**PROBLEM:** Extract precisely the lines that run from the line containing "The Hidden Star" to the end of the records below, with both ends included and pictures omitted.

*** Opening of MATERIAL SUPPLIED ***

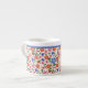 Un pequeño espresso de bonito, con un patrón floral sobre un fondo blanco, inspirado en el arte folclórico de Europa del Este. Este patrón, que forma parte de la colección "Corazón Popular" de Pintorescos y Pintarios, se adaptará a cualquiera de los tazones.
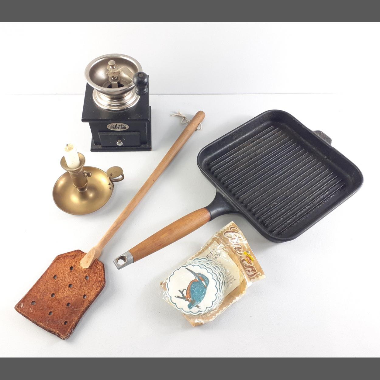 A small kitchenware lot to include a cast iron griddle pan, a CAFETIERE coffee grinder, a leather fly swat and a brass Wee Willie Winkie candle stick.
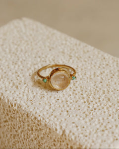 The Hidden Star Ring showcases expertly set rainbow moonstone and turquoise stones, blending their ethereal glow and vibrant hues into a seamless design. This artfully crafted piece offers a subtle yet captivating shimmer, ideal for those who appreciate refined artistry and the unique beauty of natural gemstones. Perfect for elevating any ensemble, it balances elegance with a touch of mystical charm.
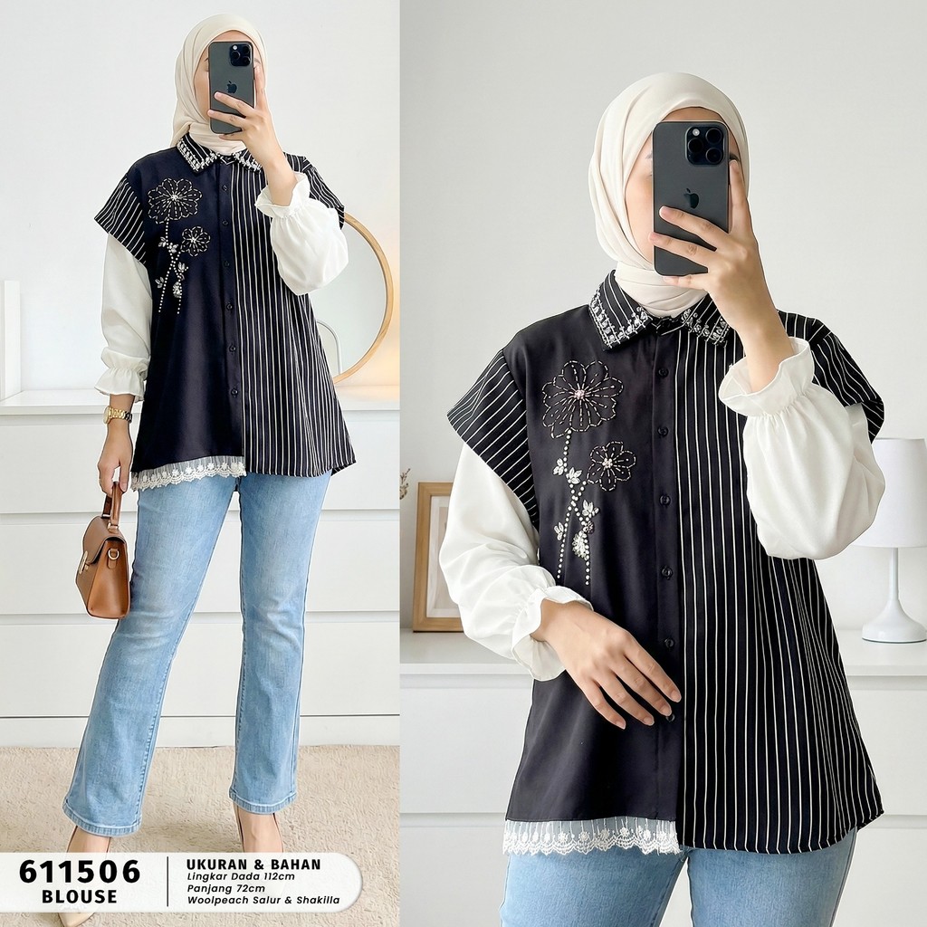 EXTU HERITAGE - Amanda Blouse Wanita Woolpeach Salur Shakila Best Seller Busui Jumbo - 611393, 611385, 611390, 611506
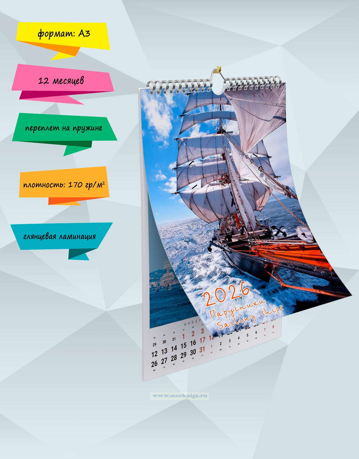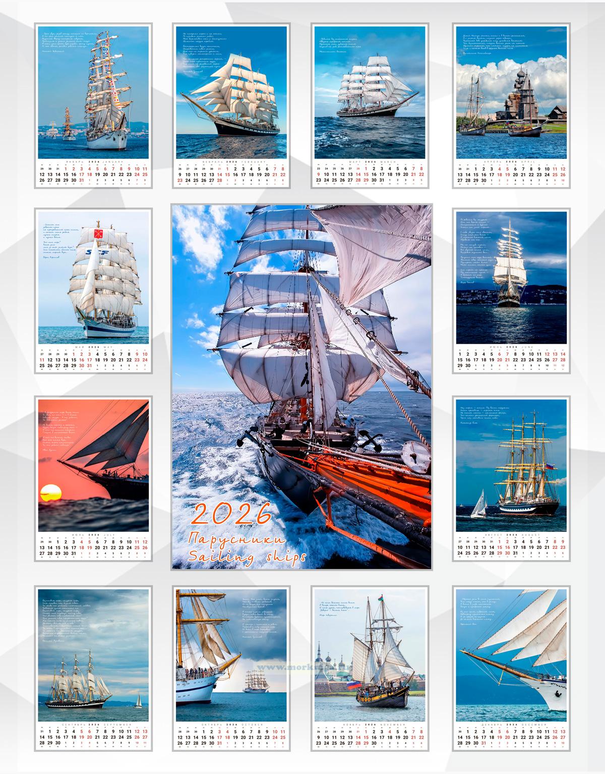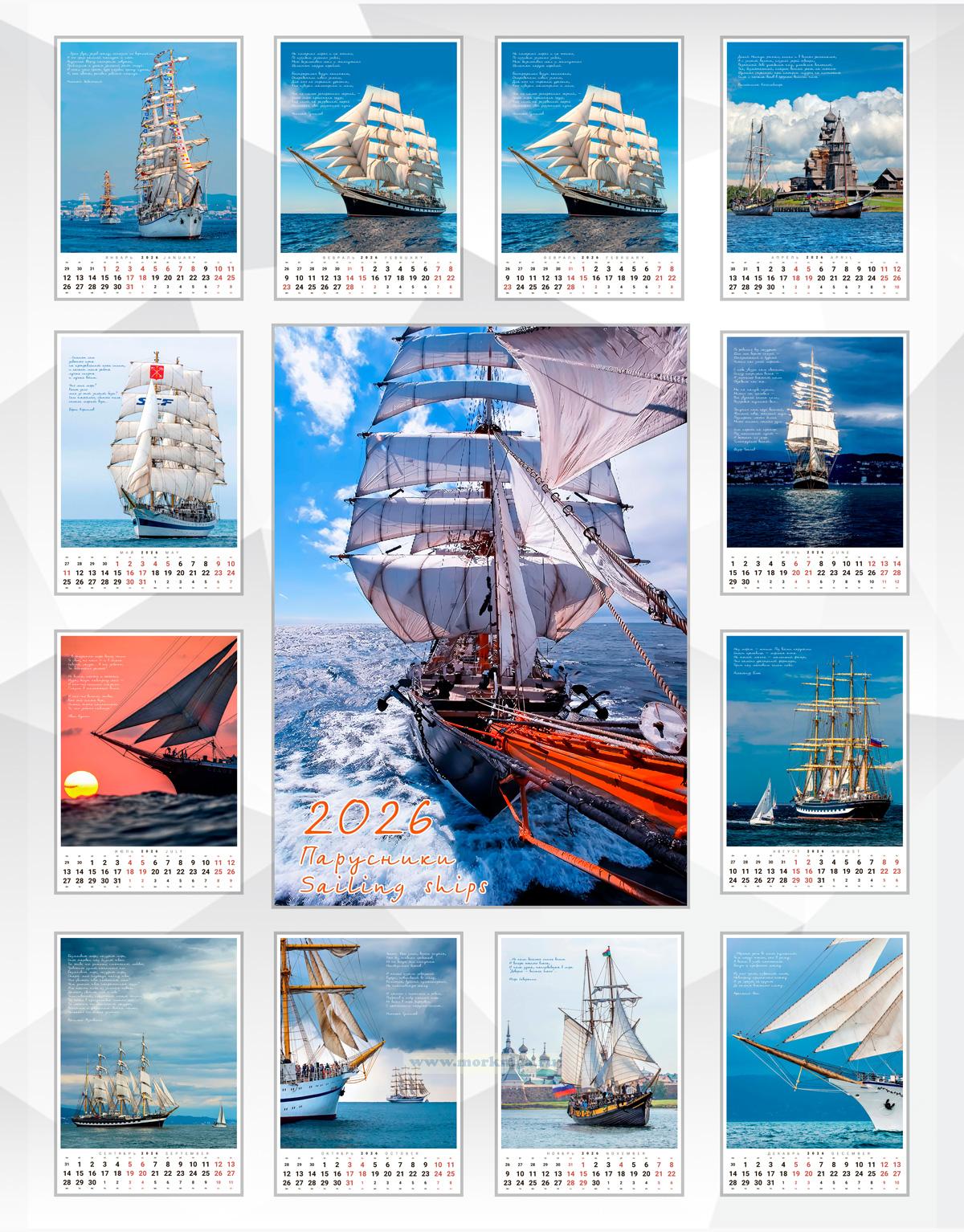 Календарь содержит 12 изображений парусников с отрывками стихотворений известных авторов, таких как:
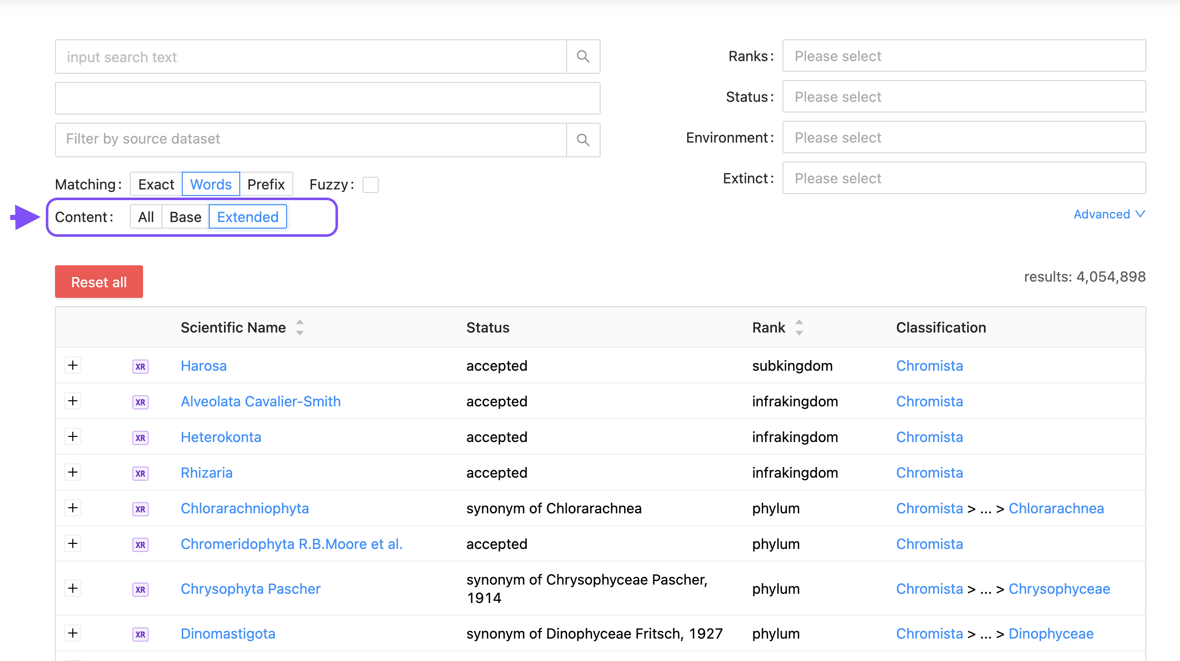 - Browse view: Shows the COL eXtended Release merged names marked with the XR icon. Thus you can identify which names come from vetted sources and which from the additional sources (regional, national, and management checklists among others).
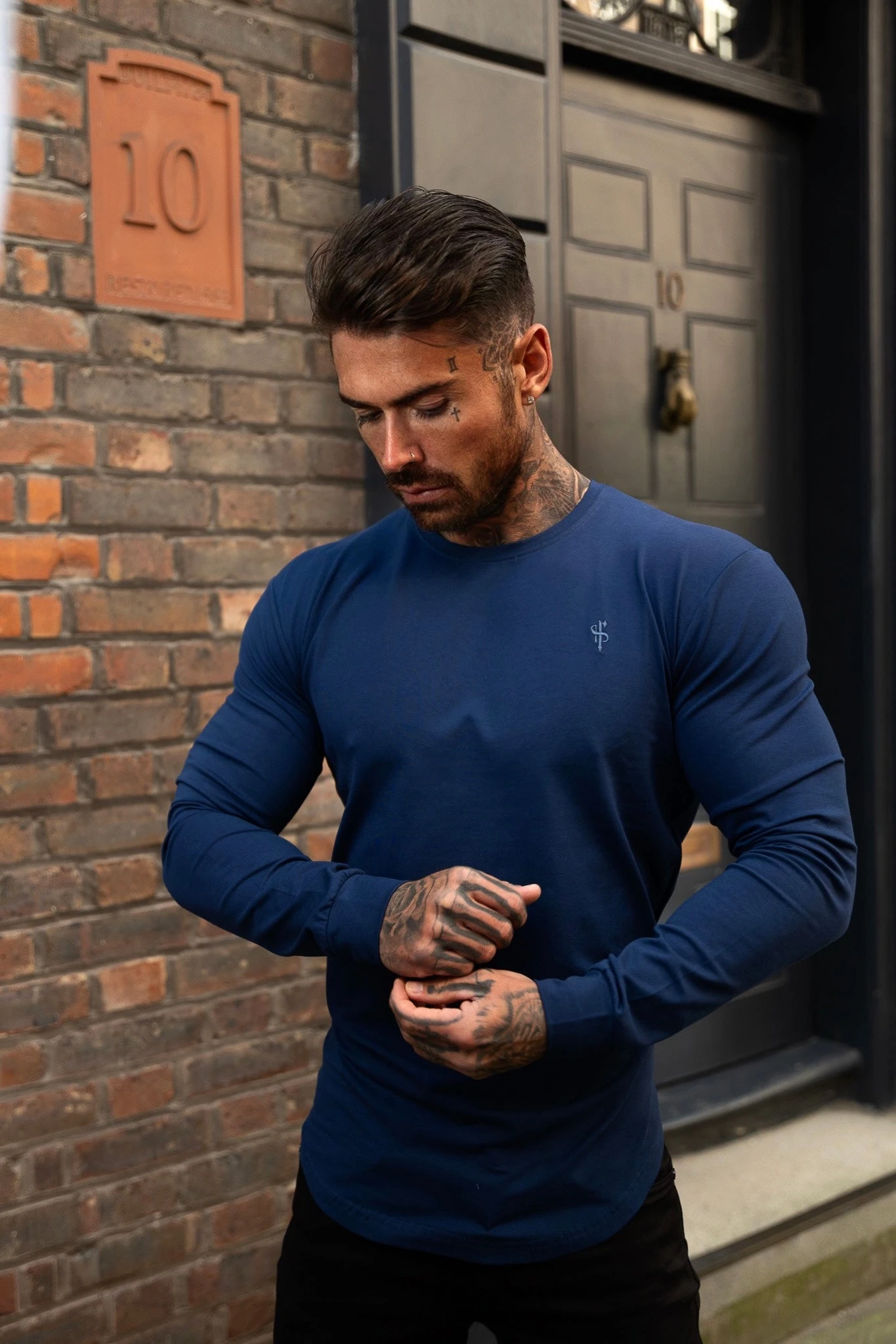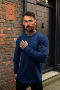 Father Sons Classic Navy Tonal Curved Hem Long Sleeve Crew T Shirt – FSH997

*** Close of MATERIAL SUPPLIED ***

**WRITTEN RESPONSE:**
 The Hidden Star Ring showcases expertly set rainbow moonstone and turquoise stones, blending their ethereal glow and vibrant hues into a seamless design. This artfully crafted piece offers a subtle yet captivating shimmer, ideal for those who appreciate refined artistry and the unique beauty of natural gemstones. Perfect for elevating any ensemble, it balances elegance with a touch of mystical charm.
 EXTU HERITAGE - Amanda Blouse Wanita Woolpeach Salur Shakila Best Seller Busui Jumbo - 611393, 611385, 611390, 611506
 Календарь содержит 12 изображений парусников с отрывками стихотворений известных авторов, таких как:
 - Browse view: Shows the COL eXtended Release merged names marked with the XR icon. Thus you can identify which names come from vetted sources and which from the additional sources (regional, national, and management checklists among others).
 Father Sons Classic Navy Tonal Curved Hem Long Sleeve Crew T Shirt – FSH997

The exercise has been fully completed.